AASB 2024-2 amends requirements relating to:
- settling financial liabilities using an electronic payment system
- assessing contractual cash flow characteristics of financial assets with environmental, social and corporate governance and similar features
- disclosure requirements for investments in equity instruments designated at fair value through other comprehensive income and financial instruments with contingent features that do not relate directly to basic lending risks and costs.
This amendment applies to annual reporting periods beginning on or after 1 January 2026.
AASB 18 Presentation and Disclosure of Financial Statements
AASB 18 replaces AASB 101 Presentation of Financial Statements to improve how entities communicate in their financial statements, with
a particular focus on information about financial performance in the statement of profit or loss.The key presentation and disclosure requirements established by AASB 18 is the presentation of newly defined subtotals in the statement of profit or loss.
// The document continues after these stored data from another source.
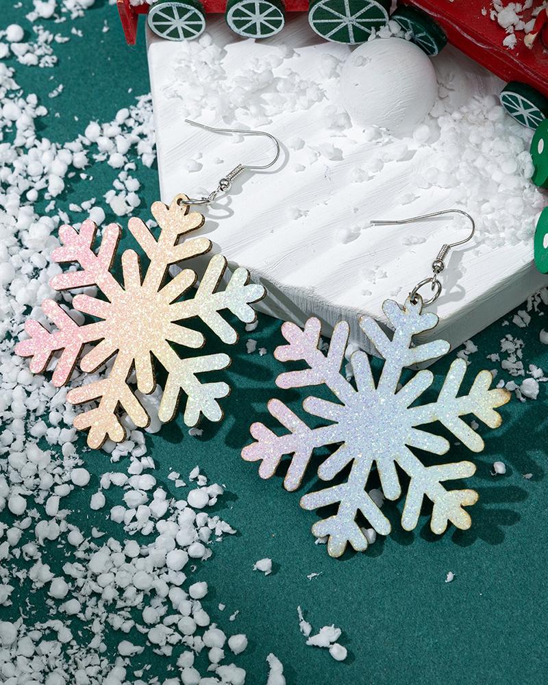 1Pair Christmas Snowflake Shaped Glitter Drop Earrings |
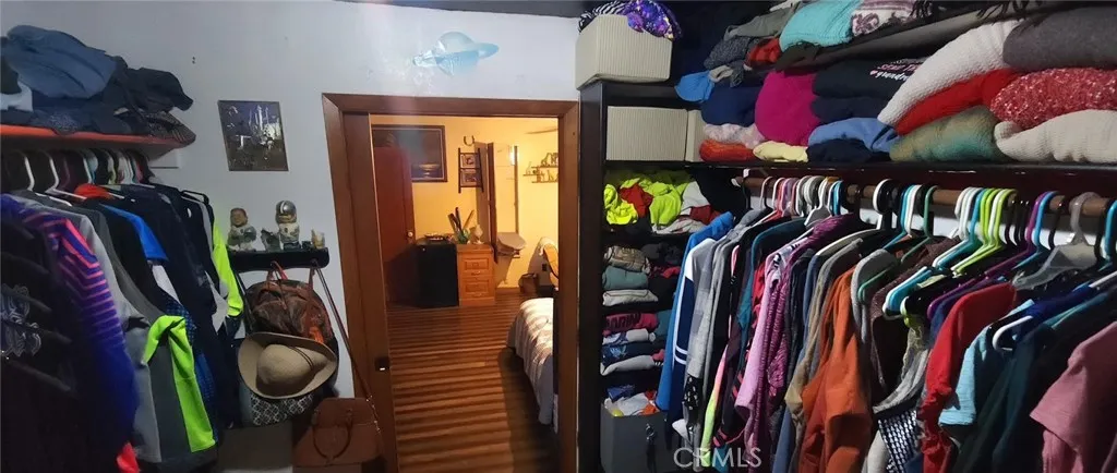 Inside, the open floor plan showcases cohesive wood finishes, creating a warm and inviting atmosphere. The living room features an energy-efficient wood-burning stove, a built-in entertainment area, and a hutch. The guest bedrooms boast walk-in closets with elegant pocket doors and stunning tile flooring. The spacious primary suite includes bamboo flooring, a large built-in wardrobe, a walk-in closet, and a beautifully remodeled en suite bathroom with a tiled walk-in shower.
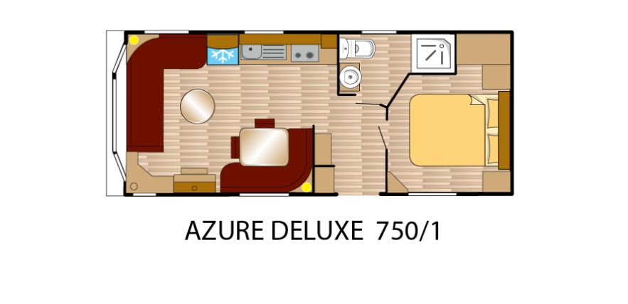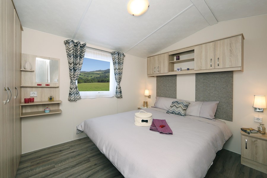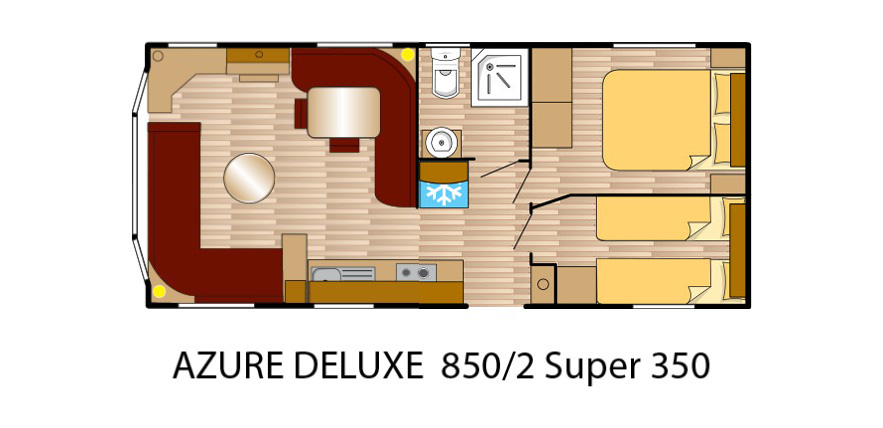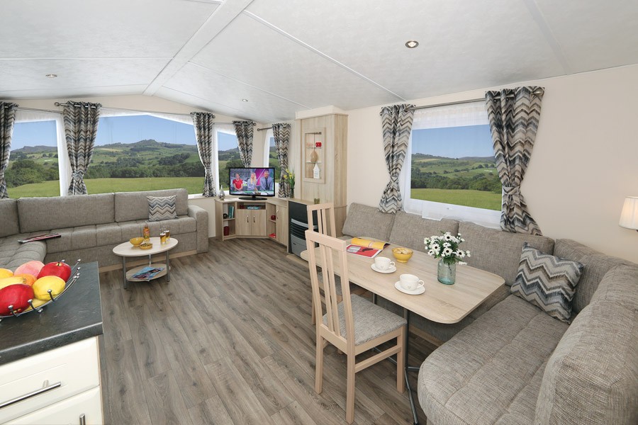 Das Modell Azure Deluxe ist ein Mobilheim mit vielen attraktiven Features und erkennbarem Charme. Es verfügt über einen komfortablen und bestens ausgestatteten Wohnbereich, eine voll ausgestattete Küche und einem luxuriösen Äußeren, geeignet für die ganze Familie.

AASB 18 applies to annual reporting periods beginning on or after 1 January 2027 for for-profit entities and applies to annual reporting periods beginning on or after 1 January 2028 for not-for-profit entities. The delayed date of one year will allow the AASB to consult with stakeholders and consider potential modifications for application by not-for-profit public sector entities.
8.11. Subsequent events
No significant events have occurred since 30 June 2025 that will have a material impact on the information disclosed in the financial statements.